Business models

Trade Duty: Publishing What Ought to be Read

Many decision points contribute to a trade editor’s GO/NO GO final opinion. A bestseller will generate revenue to keep the doors open and the firm able to further its mission. A mid-list winner fills an ongoing content need and will keep selling and selling, slow and steady. In these POD days, when the words “out of print” have lost their meaning, publishers can revive backlist perennials to add to the bottom line.

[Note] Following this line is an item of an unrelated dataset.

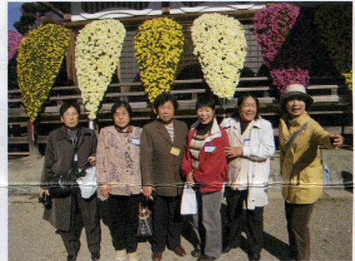
11月4日~5日 旅游(住一夜) 最上川游览→鸣子温泉→平泉
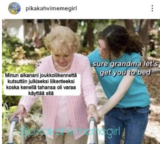
Kuva 5: 29. lokakuuta 2025 julkaistu meemi

itseironista: meemi käsittelee kaupanalan lakkoja, ja kuvailee liioittelun avulla minäkertojan äänellä miten vähäisillä eväillä pärjätä lakkojen yli käymättä kaupassa. Affiliatiivisen ja itsenironisen huumorin tavoite on ryhmän yhteishengen vahvistaminen. Affiliatiivisen huumorin ja aggressiivisen huumorin kohteet ja funktiot eroavat toisistaan, sillä aggressiivinen huumori kohdistuu johonkin toimijaan, vastustajaan, ja sitä käytetään vastustajan legitimeetin horjuttamiseksi. (Koivukoski ym. 2024, 75–78.)

And then there is the book that ought to be published, independent of financial analysis. Like “The Pentagon Papers.” Or like
The Climate Report: National Climate Assessment-Impacts, Risks, and Adaptation in the United States by The U.S. Global Change Research Program (USGCRP), which Merians and Johnson just published and is selling for $16 per print copy. Geeky scientific reports are not typically the fare of trade book publishers. But this one makes sense. The book results from a mandated, every-four-year U.S. government study on climate change, which profoundly affects all of us, those who will follow us, and other life forms that share the planet with us. This small, Brooklyn-based, indie trade publisher didn’t appreciate that Washington deep-sixed this devastating climate report by releasing it the day after Thanksgiving in 2018, while the news cycle was focused on overeating, traffic jams, Black Friday shopping deals, football, and a long weekend. The fact that our current government administration undervalues this report, and is in fact actively denying and subverting its contents, renders all the more urgent the “ought” that drove Merians and Johnson to publish it. Bravi!